Thursday, June 13, 2013

Haunted by Harold





OK, then. I've told you all about Lloyd synchronicity, and in case you don't remember what it is, it's examples of the name Lloyd coming up over and over and over again through the course of a single day.

It happens and happens, and has been happening for months and maybe even years. I've had as many as five a day, and once I had four in a single movie (a little British comedy called The Wrong Box), but the ones that really make my scalp prickle aren't just things like seeing the name Lloyd on the side of a train or on a street sign or a realtor's sign or TV credits or a dog's ID tag. . . they're examples of actually SEEING Harold Lloyd, usually when I least expect it.




It happens fairly frequently on Turner Classic Movies, and this isn't so very unusual because they have championed the re-release of many of his magnificent silent comedies. But tonight. Oh God. I was minding my own business watching William Shatner's Weird or What? (one of my favorite educational programs) when an ad break came on, and. . .




And there was this woman dangling from the hands of a huge clock.

Safety Last! clock. An ICONIC clock. WTF? Have I fallen into the freaking Fourth Dimension or something?

Not only was the ad in black and white, it had little lines running down it to make it look like an old movie. She wasn't dressed like Harold Lloyd, but still, the derivation was obvious.

A Harold Lloydian, Safety-Lastian, clock-dangling, cliff-hanging, danger-defying, "high and dizzy" thrill-picture scene in a goddamn Cover Girl cosmetics ad!

Listen, ever since I started researching my novel The Glass Character, and all through the writing of it, and even now, long post-Lloyd, this has been happening. It seems to come in waves, and now I'm in some sort of a bizarre tidal wave.
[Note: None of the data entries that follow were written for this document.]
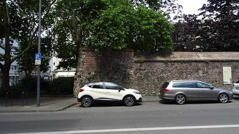 Die römische Stadtmauer hatte eine Länge von etwa 4 Kilometern und umschloss das etwa 100 Hektar große antike Kerngebiet der Colonia Claudia Ara Agrippinensium. Die Stadtmauer war mit 19 mächtigen Rundtürmen bewehrt und hatte elf Tore, durch welche die wichtigsten Verkehrsachsen zum Hafen und zum Umland verliefen. Etwa 700 Meter der römischen Stadtmauer sind heute noch oberirdisch an verschiedenen Orten in der Stadt zu erkennen. Ein Teilstück befindet sich zwischen der Zeughausstraße und Burgmauer, neben dem ehemaligen Zeughaus. An der Abbruchkante kann man die Dicke der Mauer deutlich erkennen. Andere römische Spuren findet man in unmittelbarer Nähe, z. B. den außergewöhnlich schmuckvoll dekorierten Römerturm an der Zeughausstraße.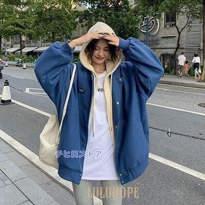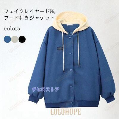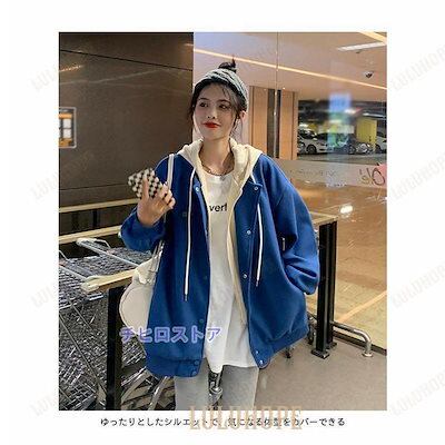 ジャケット パーカー レディース フェイクレイヤード フード付き 長袖 アウター 綿混紡 カジュアル ゆったり 体型カバー オシャレ トップス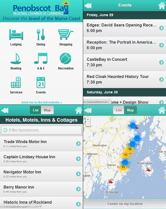 The local Chamber of Commerce asked us to continue development of their website by providing a mobile version of their directory of businesses and events. We proceeded forward, using Jquery Mobile to develop an HTML5 mobile site of their content.  The crowning feature of this site is that it will detect a user's location to provide map views and sorted lists for businesses and events nearby to the visitor, as well as easy methods to filter the list of businesses.  http://m.mainedreamvacation.com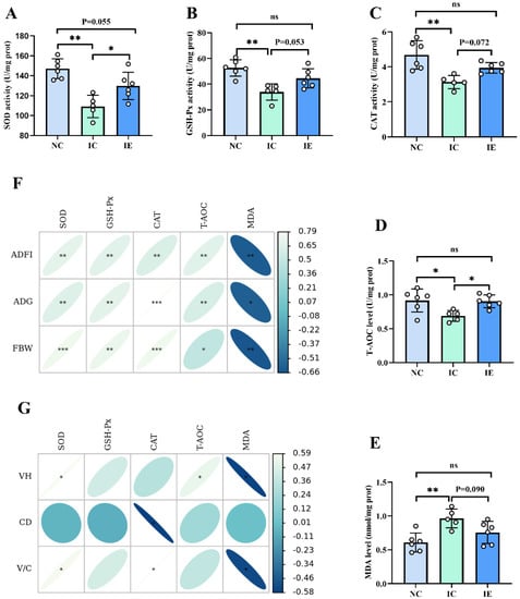 Effects of EGF on the intestinal antioxidant capacity of piglets with IUGR. (A) SOD, (B) GSH-Px, (C) CAT, (D) T-AOC, (E) MDA, (F) correlation analysis between intestinal antioxidant capacity and growth performance, (G) correlation analysis between intestinal antioxidant capacity and intestinal morphology. Values are expressed as means ± SEM, n = 6 (1 pig in the IC group was dead, n = 5 in the IC group); NC: NBW piglets fed with basal diet; IC: IUGR piglets fed with basal diet; IE: IUGR piglets fed with basal diet supplemented with 2 mg/kg EGF. * p < 0.05, ** p < 0.01, *** p < 0.001.

When I fell in with Harold Lloyd and his legend, I fell into enchantment. A state not so easy to enter, or, for that matter, to escape. I wish somebody would tell me what it all means.






4 comments:

  1. I'm not sure what all this stuff is about, but I hope it bodes well for the novel. The movie Hugo had a clock theme and a scene where he hung from clock hands. Even the futuristic silent film Metropolis had a guy wrestling with the hands of a clock (I have to find a clip!). Is Harold an idea whose time has come (again)?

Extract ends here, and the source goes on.